AI · 4 min read · April 17, 2026
Retrieval beats memorization for clinical code selection
A two-stage retrieval-then-classify method outperforms direct LLM generation for assembling clinical value sets from large standardized vocabularies.
Source: arxiv/cs.LG · Sumit Mukherjee, Juan Shu, Nairwita Mazumder, Tate Kernell, Celena Wheeler, Shannon Hastings, Chris Sidey-Gibbons · open original ↗ ↗
Retrieve similar existing value sets, then classify candidates to build clinical code lists more accurately than direct LLM generation.
- — Clinical value set authoring identifies all codes defining a medical concept in standardized vocabularies.
- — LLMs fail to reliably recall large, versioned clinical vocabularies learned during pretraining.
- — RASC retrieves K similar existing value sets, then applies a classifier to rank candidate codes.
- — Cross-encoder on SAPBert achieves AUROC 0.852 and F1 0.298, beating zero-shot GPT-4o at F1 0.105.
- — Retrieval-then-classify reduces irrelevant candidates per true positive from 12.3 to 3.2–4.4.
- — Performance gap widens as value set size increases, confirming theoretical advantage of shrinking output space.

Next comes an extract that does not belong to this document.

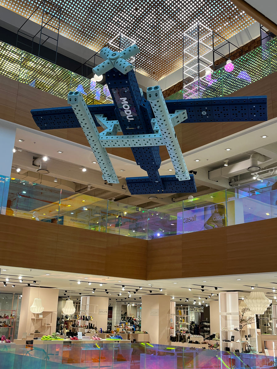 The buzz in our office has transformed into a reality far beyond our wildest dreams. Introducing the MODU Seaplane, a testament to innovation and playful design. With a staggering 4.5-meter wingspan, this installation is our largest and most ambitious project to date, perfectly timed with the opening of the new kids' department at ILLUM.

- — Benchmark created from 11,803 publicly available VSAC value sets, first large-scale dataset for task.
- — Gains replicate across SAPBert cross-encoder, LightGBM, and other classifier architectures.
Frequently asked
- LLMs do not reliably memorize large, versioned clinical vocabularies. RASC retrieves similar existing value sets to form a candidate pool, shrinking the effective output space. A classifier then ranks candidates against ground truth, avoiding hallucinated codes. This two-stage approach reduces irrelevant candidates per true positive from 12.3 to 3.2–4.4.